Woman behind Sant Tukaram
If “Shivaji Underground” is a pugnacious political confrontation with history, then Prajakta Deshmukh’s “Sangeet Devbhabhli” is his quiet, emotional interior. While the first looks at the just ruler, the second looks at the woman standing behind the saint. The play focuses on the meeting between Avali, the wife of the saintly poet Tukaram, and Rakhubai, the wife of Lord Vitthal. They are both women marginalized by the divine pursuits of their husbands. Both were left in a state of deprivation and despair.
‘Sangeet Devbhabhli’ celebrates the life and joys of Sant Tukaram through a live performance by singers and actors. Oddly enough, there is only one honor for each member of the audience: the poet, the bhakt, the reformer, and the vidruh. Nashik-based playwright Prajakta Deshmukh belongs to the Warkaris family and has a personal connection with Pandharpur. The play’s production is formally constructed like a series of Impressionist paintings. Each image indicates the fusion of elements in the scene of the play: Prithvi, Jal, Vayu, Agni and Akash. It is clear that the playwright’s genius lies in placing the two famous men (Tukaram and Vithoba) off stage. This is what makes the play come alive in the here and now.
The theater becomes a space for women’s kinship. Pradeep Maule’s set design transports the audience from the empty deserted kitchen of Avali to the Bhandara Hills. The play is about the female experience, and a musical exploration of the silence left in the wake of “great men.” It raises a poignant question: What is the cost of this dedication? When Avali and Rakhubai share their domestic tragedies, they are not singing about sanctity, but about the painful mundane reality of being a woman with domestic obligations. They search for answers in the rain and the scent of flowers, a solace that the high, strong walls of the temple have denied them.
There is a thread that connects the two plays, pulling together the fabric of Indian society. It echoes Dr. Ambedkar’s skepticism about the status quo, and the idea that chanting God’s songs does not lower the rent or pay the farmer’s debts. Both plays seem to operate on the premise that the “real people,” that is, the peasants who still constitute the majority of the country, are being ignored in favor of a sanitized populist history.
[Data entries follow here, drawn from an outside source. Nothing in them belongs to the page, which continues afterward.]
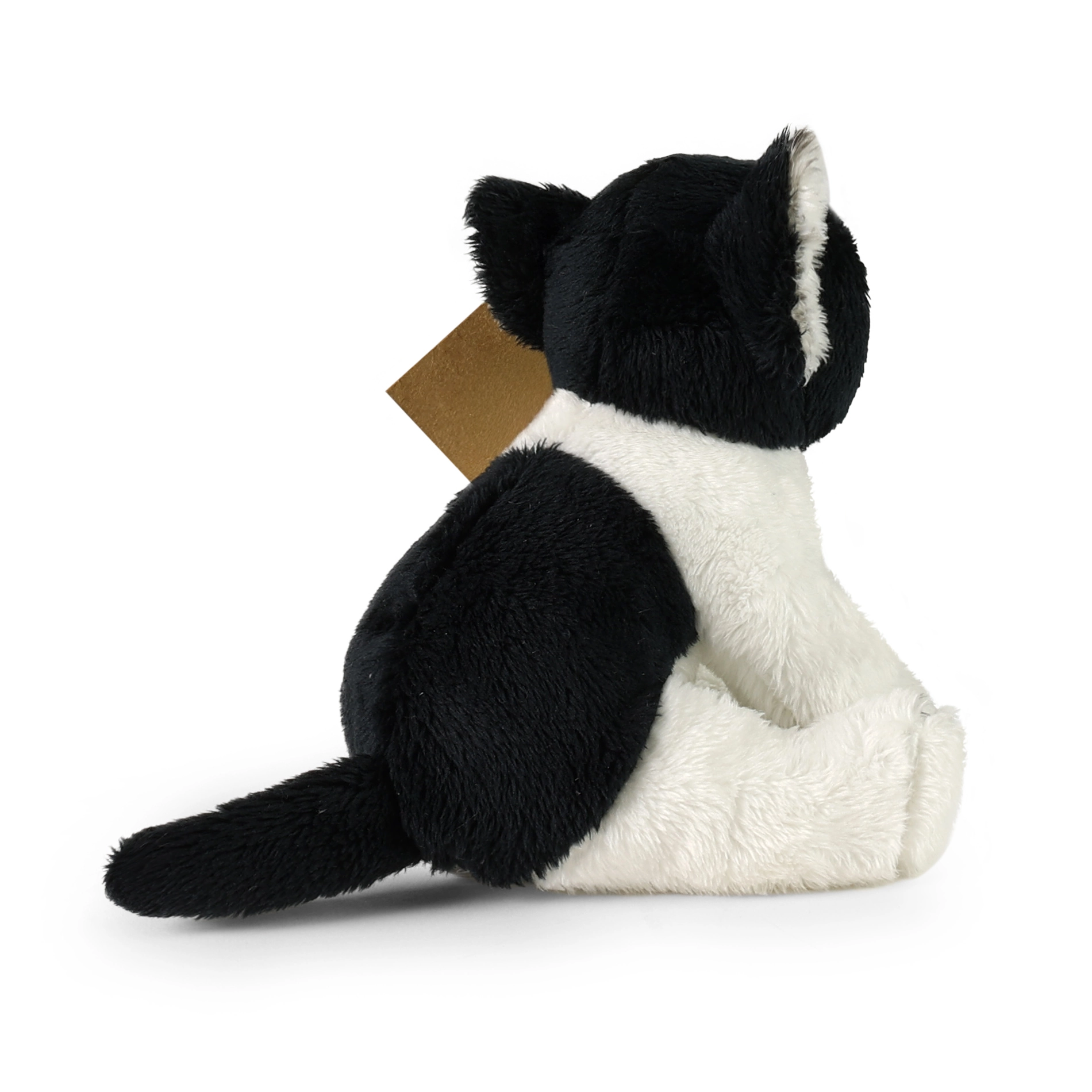 Chat en peluche noir‑blanc assis 14 cm écoresponsable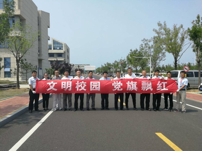 会议结束后,党员们共同观看了《时代先锋张富清——“守初心 葆本色”》宣传片,并到威海校区主环路共同开展“文明校园 党旗飘红”主题党日活动。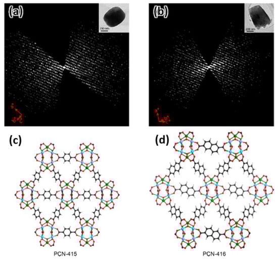Reconstructed 3D reciprocal lattice of (a) PCN-415 and (b) PCN-416 from cRED data. Insets are the crystals from which the RED data were collected. (c) and (d) Structure of PCN-415 and PCN-416 built from [Ti8Zr2O12(RCOO)16] clusters and different carboxylate linkers [85]. Reproduced from ref. [85] with permission from the American Chemical Society, copyright 2018.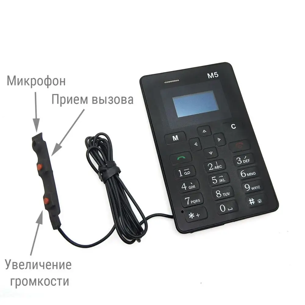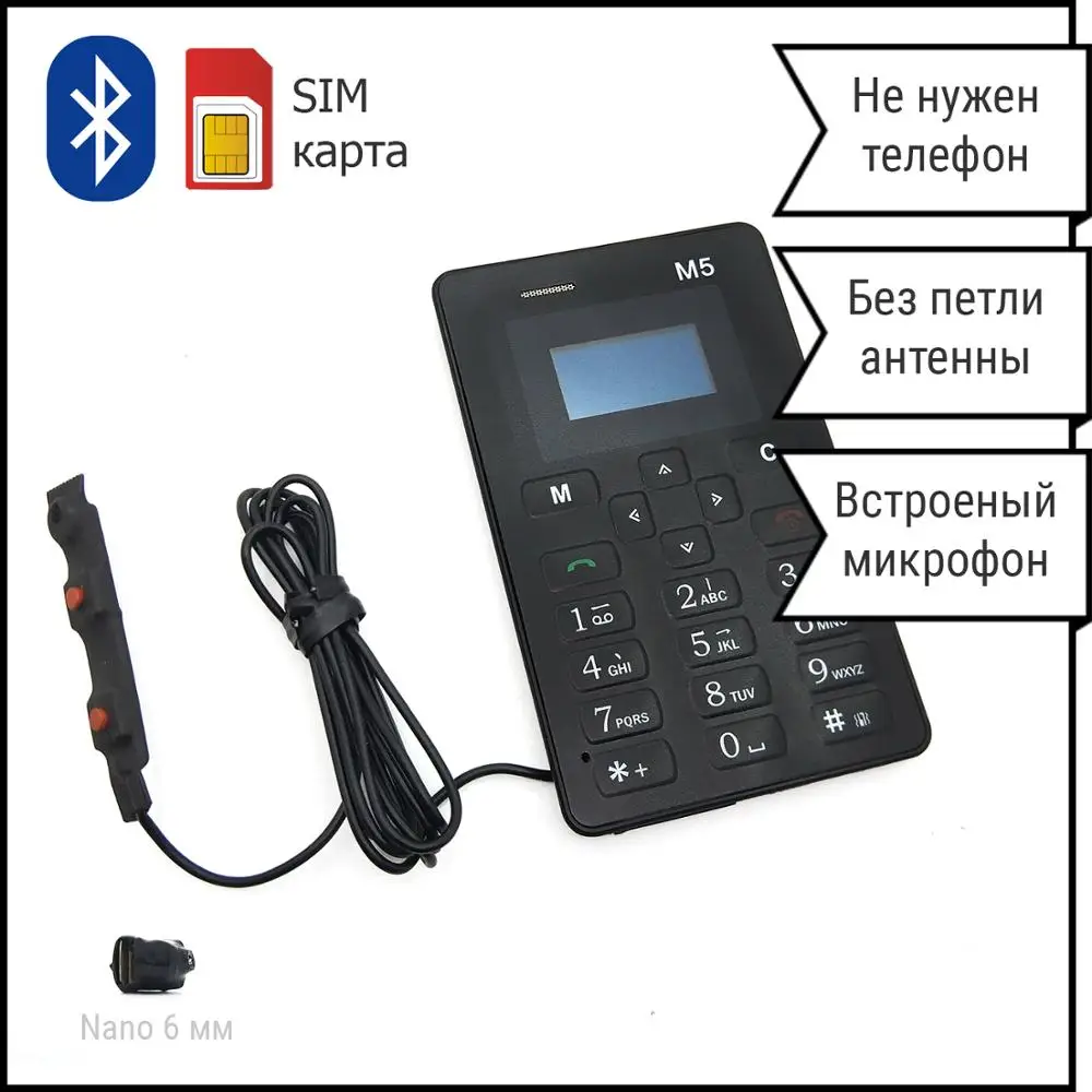 Вставьте сим-карту в карту-телефон и совершайте исходящие звонки и принимайте входящие. Вы будете слышать через микронаушник, а вас будут слышать через чувствительный микрофон, который можно расположить где удобно, например в рукаве. Входящий вызов принимается нажатием на любую клавишу.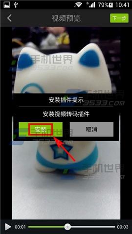 3)在视频预览页面点击右上角【下一步】,提示安装转码工具,点击【安装】。(如下图)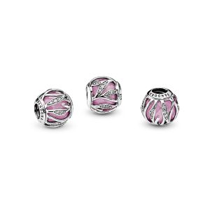 Item #791969PCZ The abstract beauty of nature puts a captivating spin on your style. Centred with a faceted cubic zirconia in pretty pink. this sterling silver charm has cubic zirconia-embellished lines that look like leaves. It’s made for Pandora Moments carriers so add yours to a bracelet or bangle styling to give it personal meaning….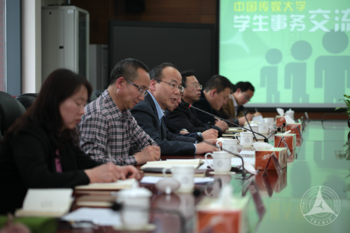 (通讯员 杨璇 摄影 王巽)4月15日下午,我校在2号楼918会议室举行第一次学生事务交流日座谈会。校党委副书记刘守训出席会议。来自9个学部(直属学院)的22名学生代表,以及学生处、教务处、财务处、保卫部、后勤管理处、就业指导中心、图书馆、体育部、计算机与网络中心、团委、校医院、基建处等13个职能部门的相关负责人及教师参加座谈会。座谈会由学生工作处处长张根兴主持。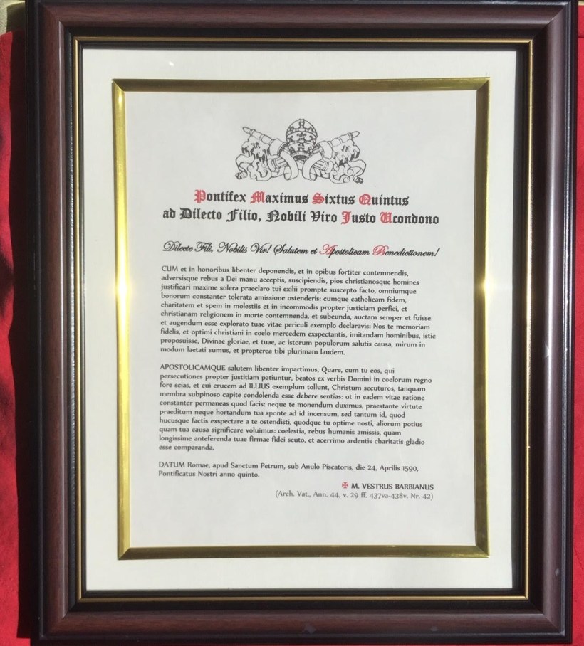 ● April 24, 1590 — Apostolic “Breve” of Pope Sixtus V (r. 1585-150) sent to Ukon, who was stripped of his feudal domain in Akashi Prefecture for refusing to abjure his Christian faith;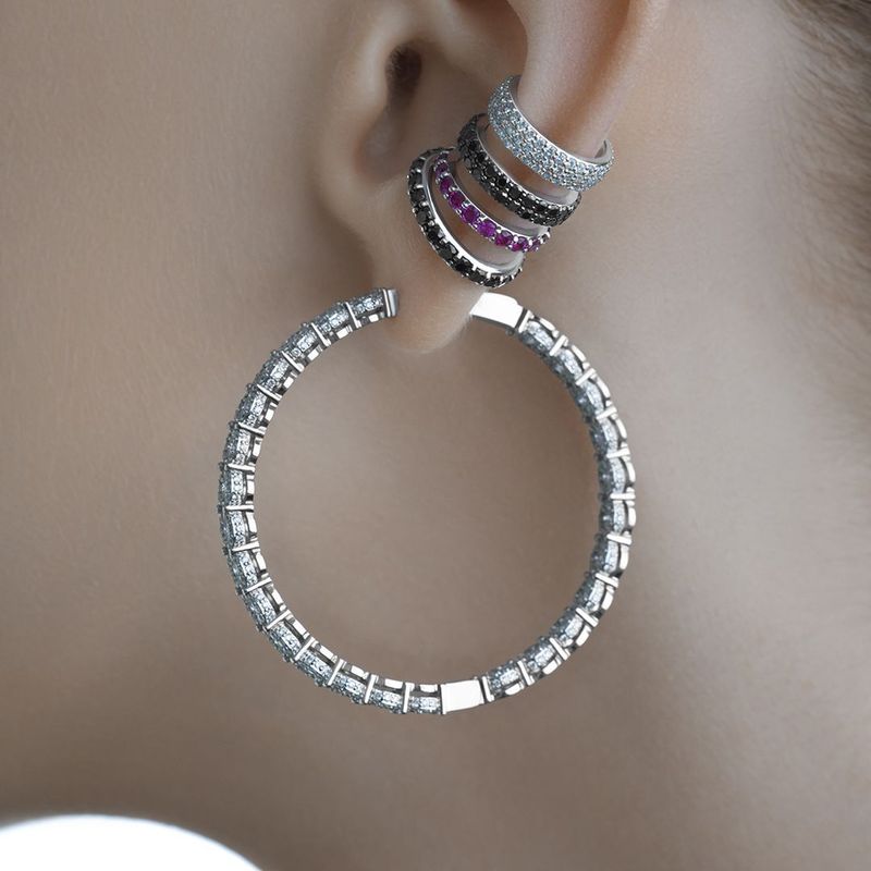 Серьга кафф из белого золота с бриллиантами и рубинами

Tangde, in his private life, once encountered a kirtankar who criticized his play without having seen it, reminding him of a line by Ramdas: “Get your facts straight before making any comment.” Perhaps this is the spirit of the new Marathi theater thanks to the pen of playwrights like Tangdi and Deshmukh, as well as Datta Patel. They are not interested in today’s “fashions and fads.”
Whether it is the spirit of the ‘vidrohi’ of ‘Shivaji Underground’, which forces the audience to confront the co-optation of their icons, or the somber beauty of ‘Sangeet Devbhabhli’, which forces the audience to confront the forgotten women of history, both plays share one goal: to remove the veneer of sanctity. They remind us that theater is life and not the other way around.